Thomas Köner – Daikan / Banlieue Du Vide

thomas-ko%cc%88ner-daikan

CD – Mille Plateaux

In 2000, Thomas Köner was awarded the New Media Prize by the Montreal International Festival of New Cinema and New Media, a recognition that undoubtedly helped his career which he began as a sound engineer for cinema before moving on to complex audio-visual multimedia installations. Daikan is the title of the composition that earned him initial recognition and was originally released in 2002 on Mille Plateaux, after having been recorded live the previous year at a media art festival in Osnabrück. Sound sculpture, sound design and performance become the core creative focus for Köner, an eclectic experimenter who was in the right time and place to realise the potential of new artistic expressions within the wider world of new media art. ‘Daikan’ is a Japanese term that means ‘the coldest’ or ‘the coldest part of the year’ and is the title of a work developed over three individual tracks on this release. The sounds seem to be a form of spiritual recovery, something that profoundly alters our sense of perception. They play with spatial qualities that describe uncertain horizons where visibility exists as a subtle and undetermined phenomenon. For Köner, the physical landscape reflects the mental space. These two elements are brought together flawlessly on the final track ‘Banlieue Du Vide’, another somewhat historical work, its live performance version has been seen by thousands of spectators at various museums and galleries including the Pompidou Centre, and at events such as Ars Electronica.
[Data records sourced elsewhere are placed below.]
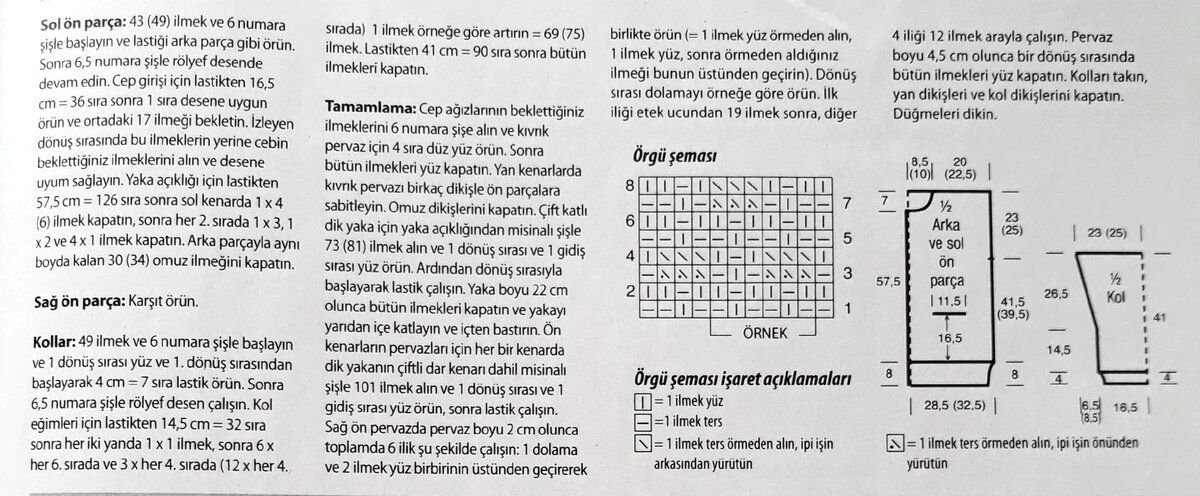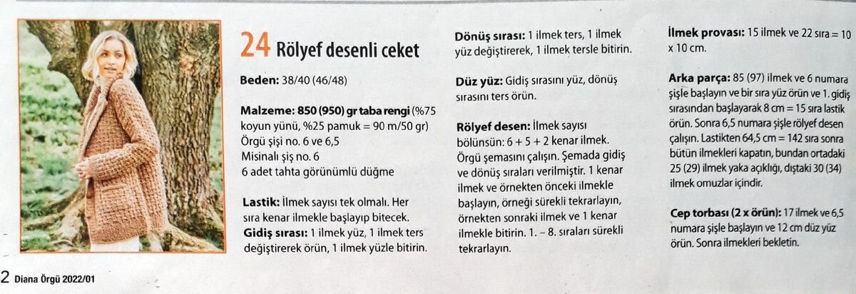 Схема вязания жакета из журнала Diana-örgü 1/22.
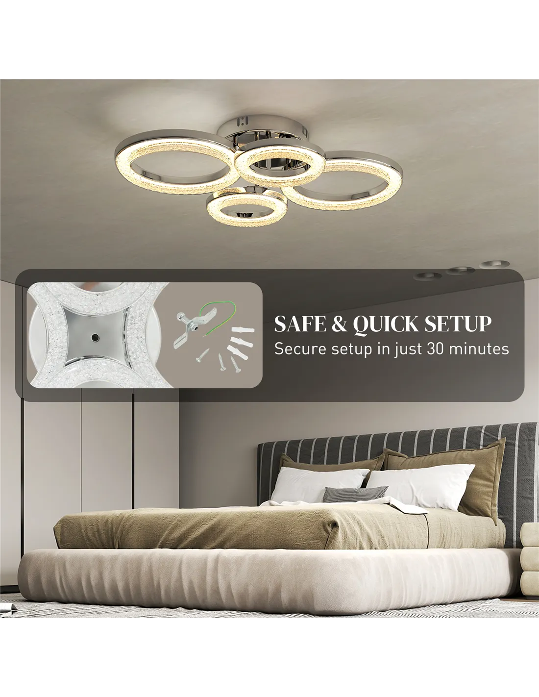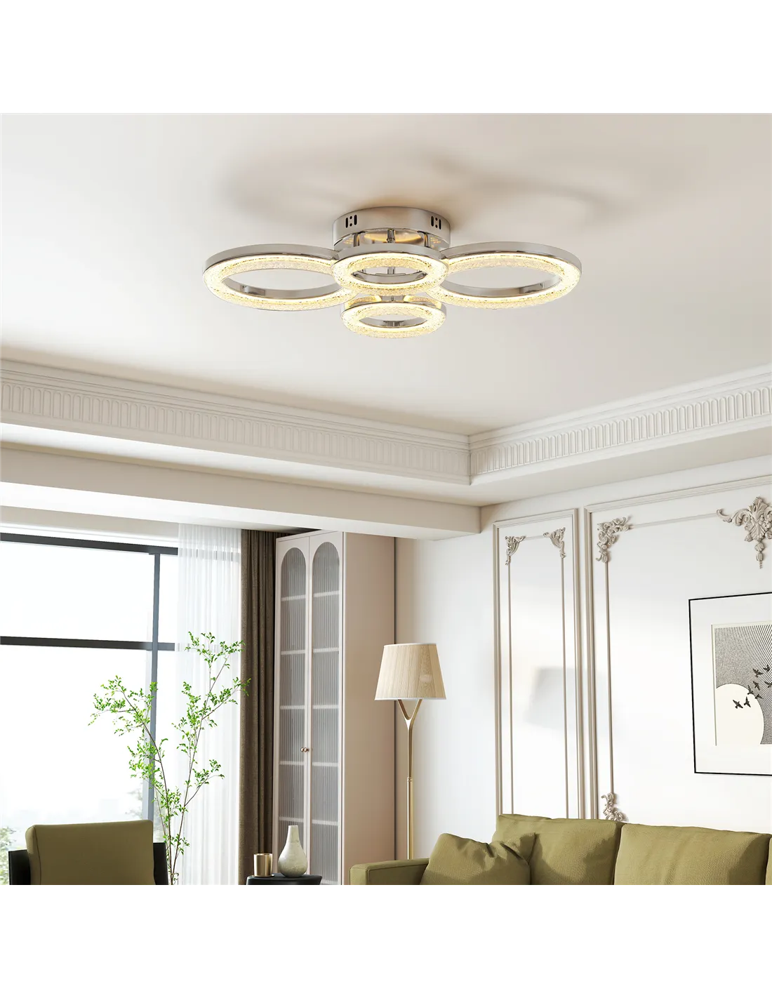 - Features an elegant four-ring design, becoming a stunning centrepiece in your room
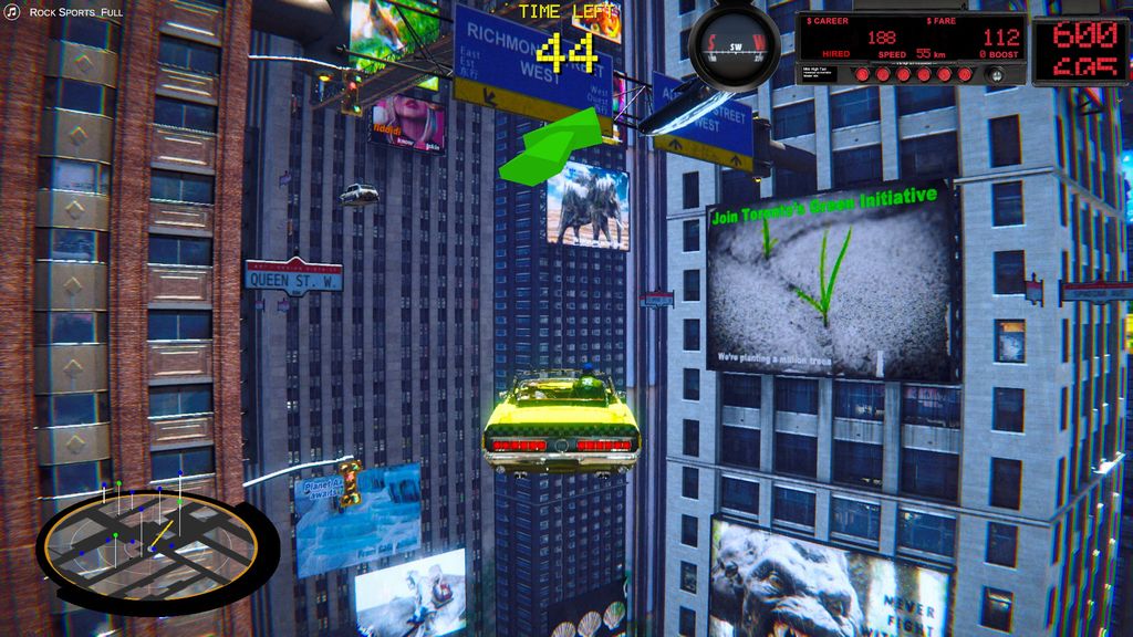 Protagonista delle nostre scorribande in Mile High Taxi sarà la città di Toronto, in Canada. O per meglio dire una sua versione futuristica e in un certo senso estremizzata, così come accadeva a Bruce Willis nel sopracitato film, quando finiva in mezzo a eventi più grandi di lui. Nel corso di una sessione di gioco infatti saranno evidenti i richiami alla celebre pellicola di Luc Besson, a partire dal “multi-pass”, con cartelloni che ne inneggeranno l’esistenza praticamente ovunque.
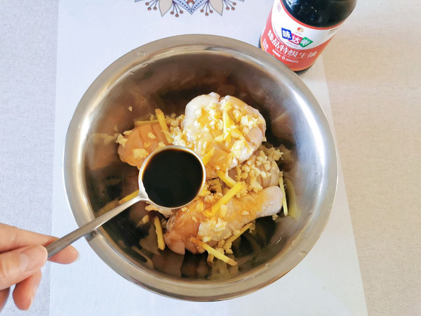 再加入味达美冰糖老抽半勺,一点黑胡椒,和姜丝蒜末,蜂蜜混合揉搓鸡腿,让鸡腿表面均匀蘸满调味料,腌制30分钟。
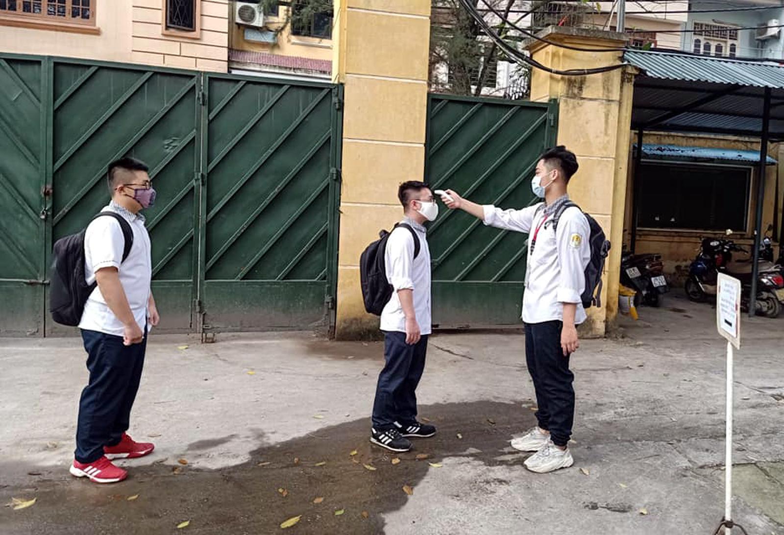 Trường THPT Đống Đa (Hà Nội) bố trí cán bộ đo thân nhiệt và hướng dẫn học sinh sát trùng tay trước khi vào trường, lớp học, bảo đảm công tác phòng, chống dịch Covid-19. Ảnh: LP
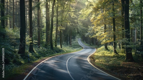 © Dvid, Obraz premium Asphalt cuts through the beautiful forest Generative AI
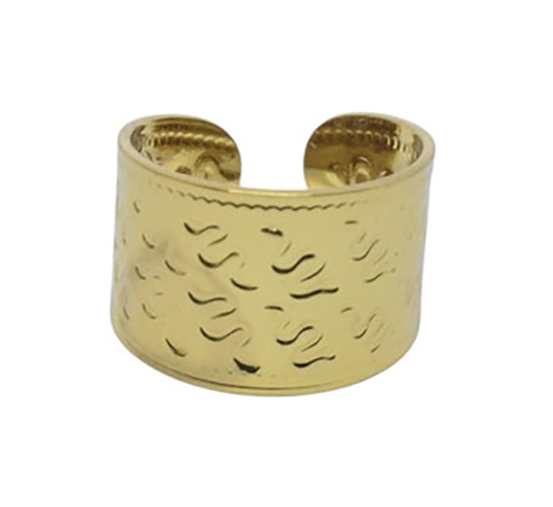 Generic - خاتم عريض من الستانلس ستيل للبنات - ذهبي - 141 - مقاس واحد
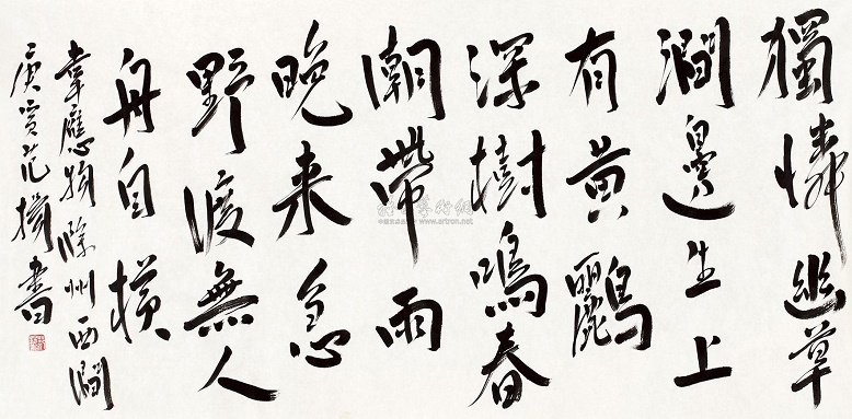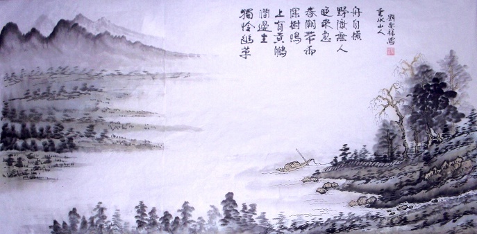 接下来两句侧重写荒津野渡之景。景物虽异,但仍然循此情愫作展衍:“春潮带雨晚来急,野渡无人舟自横”。这两句是说:到傍晚时分,春潮上涨,春雨淅沥,西涧水势顿见湍急。郊野渡口,本来就荒凉冷漠,此刻愈发难觅人踪。只有空舟随波纵横。“春潮”与“雨”之间用“带”字,好像雨是随着潮水而来,把本不相属的两种事物紧紧连在了一起,而且用一“急”字写出了潮和雨的动态。结尾句。用“无人”一说明渡口的‘“野”。二句诗所描绘的情境,未免有些荒凉,但用一“自”字,却体现着悠闲和自得。韦应物为诗好用“自”字,“自”字皆可释为“自在”“自然”之意,含有“自我欣赏”、“自我怜爱”的意蕴。“野渡”句当作如是解。舍此,便与一二句相悖谬了。这两句以飞转流动之势,衬托闲淡宁静之景,可谓诗中有画,景中寓情。
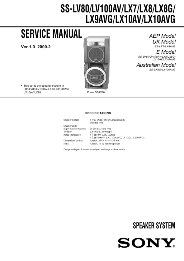 Speaker system Speaker units Super Woofer/Woofer: Tweeter: Rated impedance Dimensions (w/h/d) Mass 3-way BUILT IN SW, magnetically shielded type 20 cm dia., cone type 2.5 cm dia., horn type 4 � (LV80, LX8, LX8G) 6 � (LV100AV, LX7, LX9AVG, LV10AV, LX10AVG) Approx. 290 � 615 � 435 mm Approx. 16 kg net per speaker
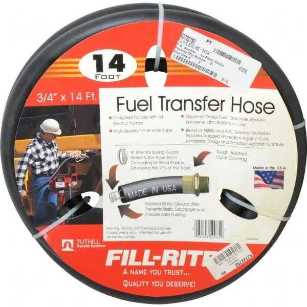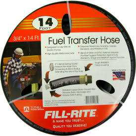 Fuel by Fill-Rite. Details:Use the Fill-Rite 3/4-inch Hose to transfer fuel with ease and speed. Constructed with an internal spring guard, this fuel transfer hose resists kinking for simple flow. The neoprene outer and nitrile inner tube are fuel resistant and durable. A stainless steel ground wire lessens the chance of a sparking accident. This fuel transfer hose is designed to be used with any electric fuel transfer pump, and is compatible with gasoline, diesel, biodiesel up to B20, ethanol up to E15, kerosene, and mineral spirits. The 3/4-inch male NPT fittings attach easily and securely. For dependable transfer of many types of fuel, use the Fill-Rite 14-Foot-Long Neoprene Fuel Transfer Hose.
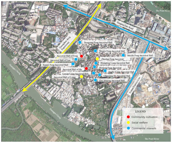 Informed by the micro-renewal of old villages and successful commercial programs such as Zengcuo’an Village in Xiamen, Fujian Province, and Hong Village in Anhui Province, Whampoa has adopted strategies to attract private investments and accommodate various cultural studios. These encompass both artist-driven and large-scale art enterprises. Motivated by commercial interests, several ancestral temples have been adapted to satisfy consumer needs and have expanded their functionality [60].
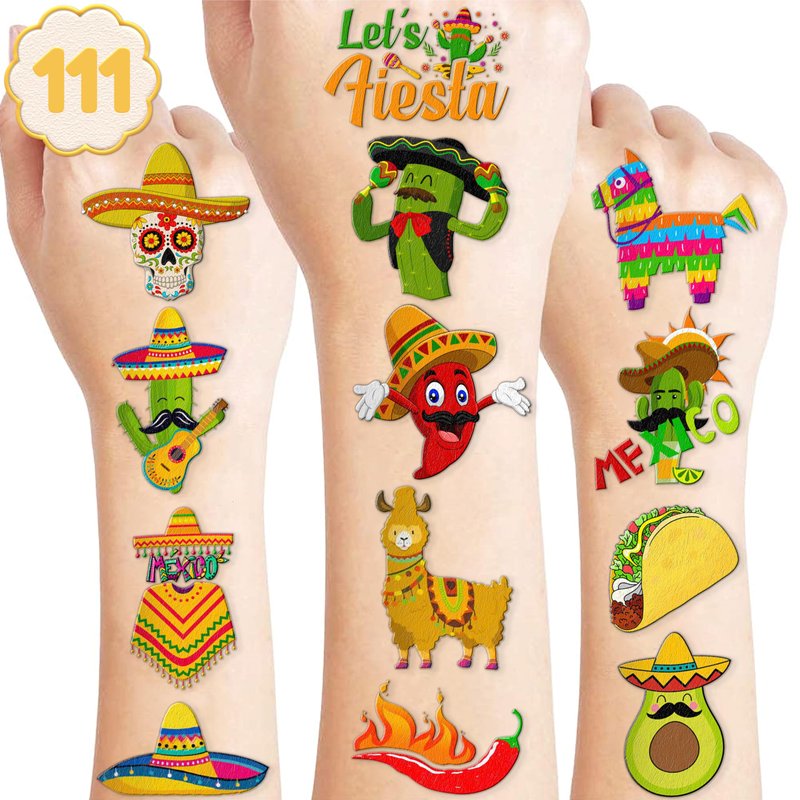 111 PCS Mexican Fiesta Temporary Tattoos Stickers Theme Birthday Party Decorations Supplies Favors Decor Taco Mexico Cinco De Mayo Pinata Tattoo Sticker Gifts For Boys Girls School Prizes Carnival
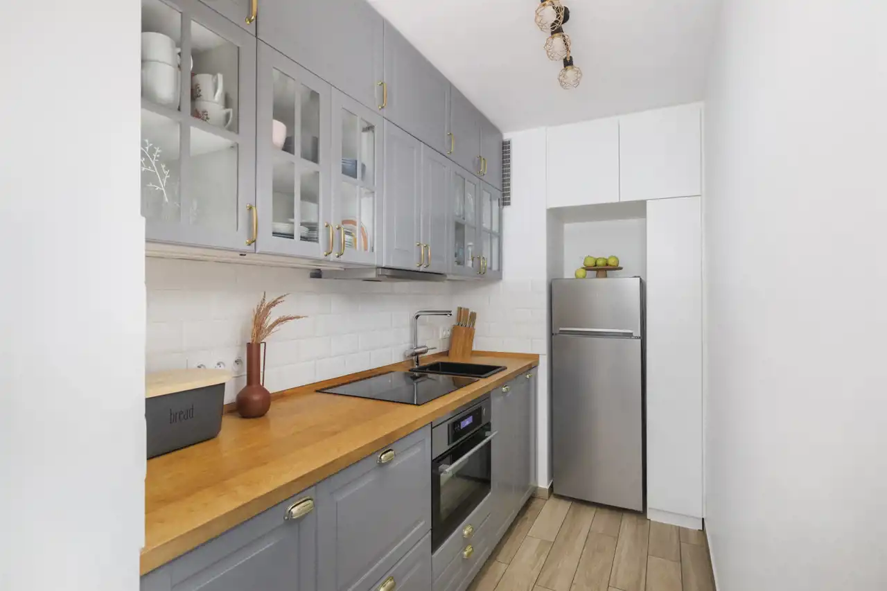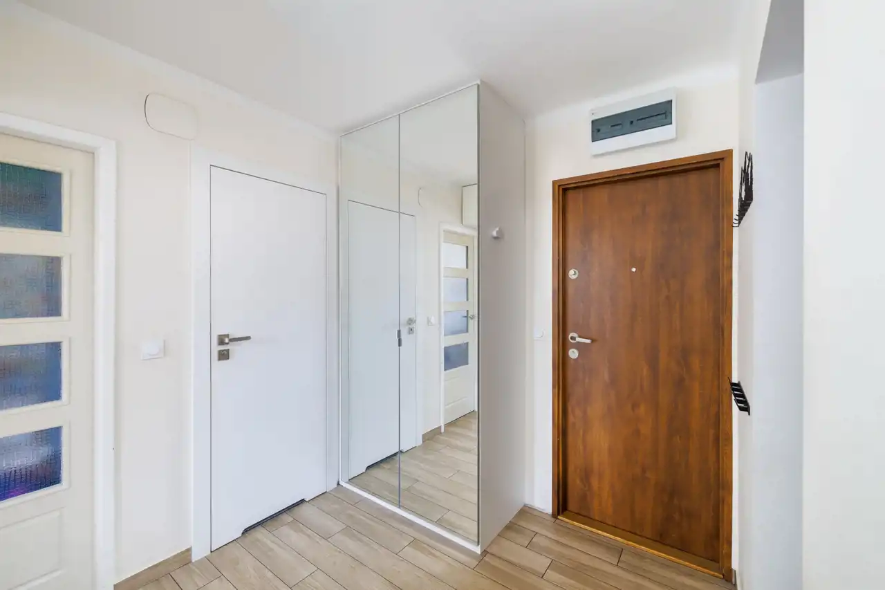 Położenie na wysokim piętrze i zieleń widoczna z okien sprawiają, że lokal – mimo ścisłego Centrum – pozostaje cichy i kameralny. Okna wychodzą na wschód, dzięki czemu wnętrza są jasne i przyjemnie doświetlone. Mieszkanie ma funkcjonalny układ i składa się z salonu, dwóch sypialni, oddzielnej kuchni, łazienki z prysznicem oraz przestronnego przedpokoju. Kuchnia i łazienka przeszły generalny remont w 2021 roku, dzięki czemu mieszkanie jest gotowe do zamieszkania lub wynajmu bez dodatkowych nakładów finansowych.

The audio-visual project combined more than 3,000 images taken from surveillance cameras with the noise of invisible traffic. This is the first time that ‘Banlieue Du Vide’ has been released and is another way for Köner to nullify the importance of audio-video interaction in his work. He is convinced there is no relationship between these two fields and considers them independent of each other, and able to complete each other. The German artist is always at ease with conceptual paradoxes, ‘music itself means nothing concrete’, he claims, recalling with a materialist perspective how it is a social practice, determined by other social structures which in turn, are governed by very specific overarching processes and economies.